(GIVEN INFORMATION Opens)

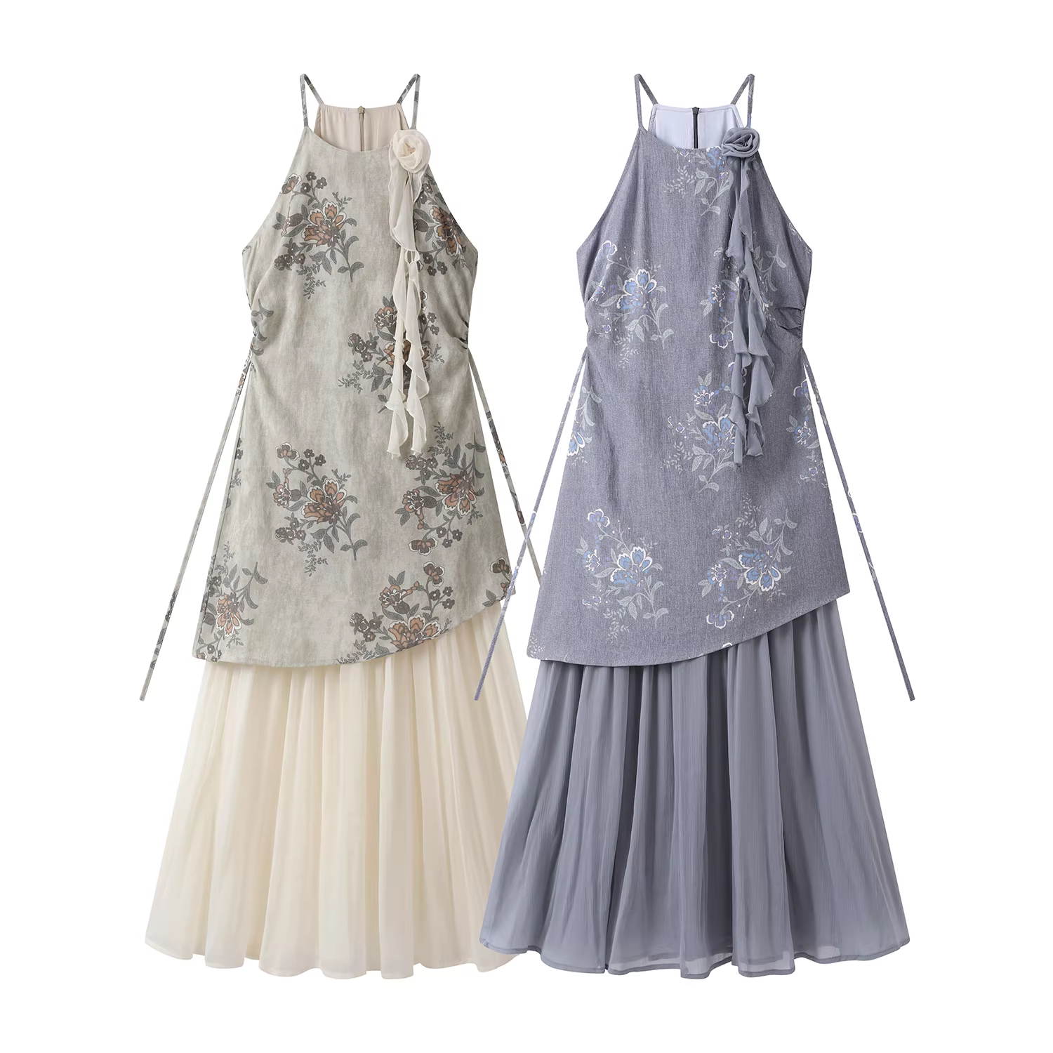 Đầm dây đeo hoa kiểu cổ điển kiểu Trung Quốc mới dành cho nữ, váy dài kiểu áo ba lỗ cao cấp mới mùa hè
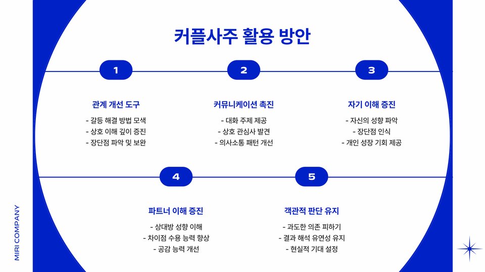 커플 궁합은 두 사람의 관계를 더욱 깊고 의미 있게 만들어줍니다. 서로의 사주를 이해함으로써, 각자가 어떤 점에서 부족한지, 어떤 점을 보완할 수 있는지를 알 수 있습니다. 이를 통해 서로의 강점을 살리고 약점을 보완해 나가면서, 보다 건강한 관계를 형성할 수 있습니다. 예를 들어, 한쪽이 감정적으로 기복이 심하다면, 다른 쪽이 안정감을 줄 수 있는 방법을 찾는 것이 좋습니다. 결국, 커플사주는 단순한 운세를 넘어서, 서로를 이해하고 존중하는 방법으로 작용할 수 있습니다.
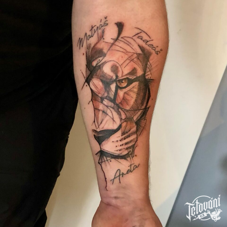 Tetování zvíře lev na předloktí

(GIVEN INFORMATION Closes)

Each line above should be set down exactly as written, with pictures excluded.

 Đầm dây đeo hoa kiểu cổ điển kiểu Trung Quốc mới dành cho nữ, váy dài kiểu áo ba lỗ cao cấp mới mùa hè
 커플 궁합은 두 사람의 관계를 더욱 깊고 의미 있게 만들어줍니다. 서로의 사주를 이해함으로써, 각자가 어떤 점에서 부족한지, 어떤 점을 보완할 수 있는지를 알 수 있습니다. 이를 통해 서로의 강점을 살리고 약점을 보완해 나가면서, 보다 건강한 관계를 형성할 수 있습니다. 예를 들어, 한쪽이 감정적으로 기복이 심하다면, 다른 쪽이 안정감을 줄 수 있는 방법을 찾는 것이 좋습니다. 결국, 커플사주는 단순한 운세를 넘어서, 서로를 이해하고 존중하는 방법으로 작용할 수 있습니다.
 Tetování zvíře lev na předloktí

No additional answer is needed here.